If we represent a date in the format YYYY-MM-DD (for example, 2017-04-09), do you know how many 9s will appear in all the dates between Y1-M1-D1 and Y2-M2-D2 (both inclusive)?
Note that you should take leap years into consideration. A leap year is a year which can be divided by 400 or can be divided by 4 but can't be divided by 100.
Input
The first line of the input is an integer T (1 ≤ T ≤ 105), indicating the number of test cases. Then T test cases follow. For each test case:
The first and only line contains six integers Y1, M1, D1, Y2, M2, D2, their meanings are described above.
It's guaranteed that Y1-M1-D1 is not larger than Y2-M2-D2. Both Y1-M1-D1 and Y2-M2-D2 are between 2000-01-01 and 9999-12-31, and both dates are valid.
We kindly remind you that this problem contains large I/O file, so it's recommended to use a faster I/O method. For example, you can use scanf/printf instead of cin/cout in C++.
Output
For each test case, you should output one line containing one integer, indicating the answer of this test case.
Sample Input
4 2017 04 09 2017 05 09 2100 02 01 2100 03 01 9996 02 01 9996 03 01 2000 01 01 9999 12 31
Sample Output
4 2 93 1763534
Hint
For the first test case, four 9s appear in all the dates between 2017-04-09 and 2017-05-09. They are: 2017-04-09 (one 9), 2017-04-19 (one 9), 2017-04-29 (one 9), and 2017-05-09 (one 9).
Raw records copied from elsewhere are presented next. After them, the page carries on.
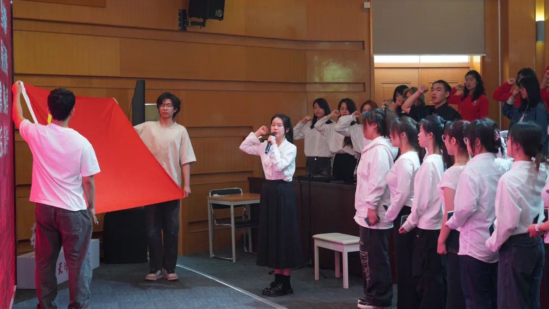 党委学工部部长、团委书记史雅宁宣读2024年第一批新发展团员名单。团员代表周乐怡领誓,全体团员重温入团誓词。会议在《光荣啊,中国共青团》中拉下序幕。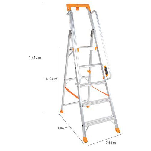 Professionele trap van aluminium. Multifunctioneel gereedschapsbord. Comfortabel en veilig dankzij de leuning. Verstevigde profielen van aluminium. Platform met vergrendelingssysteem. Antisliptreden. Eenvoudig te vervoeren en op te bergen. Klantgarantie : 10 jaar Max. belasting (kg) : 150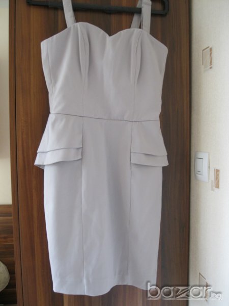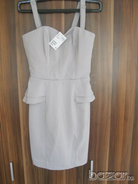 Уникална " H&M " Нова рокля с етикета тип пеплум. Цената на която съм я купила се вижда на етикета....Дължина от подмишници- 66 см; ширина под мишници- 37 см; ширина талия- 32 см; ширина ханш- 44 см.Презрамките са като на сутиен, корегират се и се свалят от роклята. Отзад е със златен цип, а отдолу с подплата.Мерките са едностранни, взети със шивашки метър от шев до шев.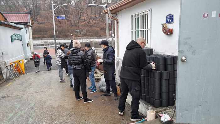 서울 도봉구 도봉1동은 선덕고등학교 총동문회와 함께 최근 도봉산 무수골 저소득 가구 9가구에 2700장의 연탄을 전달하는 ‘연탄나눔 봉사’를 진행했다. 사진은 봉사자들이 저소득 가정에 연탄을 전달하고 있는 모습. (사진=도봉구청 제공)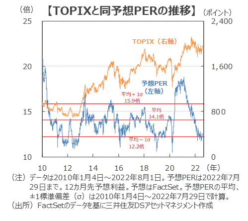 ■7月29日のTOPIXの12カ月先予想PERは12.4倍です。予想PERは2010年以降の平均が14.1倍、1標準偏差下回る水準が12.2倍ですので、TOPIXは割安圏に入っていると考えられます。
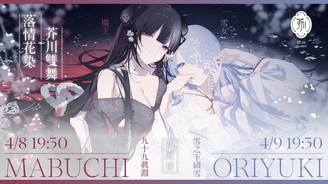 今年的4月還是來自「芥川組」的2位Vtuber【九十九真淵】和【雪之下織雪】的出道之日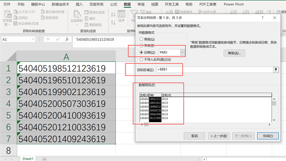 在第三步里,选中下方预览框里第一列和最后一列,勾选“不导入此列”,选中第二列,勾选“日期”,后面选择日期格式YMD或其他,点击目标区域,选择日期放置的单元格。

For the second test case, as year 2100 is not a leap year, only two 9s appear in all the dates between 2100-02-01 and 2100-03-01. They are: 2017-02-09 (one 9) and 2017-02-19 (one 9).
For the third test case, at least three 9s appear in each date between 9996-02-01 and 9996-03-01. Also, there are three additional nines, namely 9996-02-09 (one 9), 9996-02-19 (one 9) and 9996-02-29 (one 9). So the answer is 3 × 30 + 3 = 93.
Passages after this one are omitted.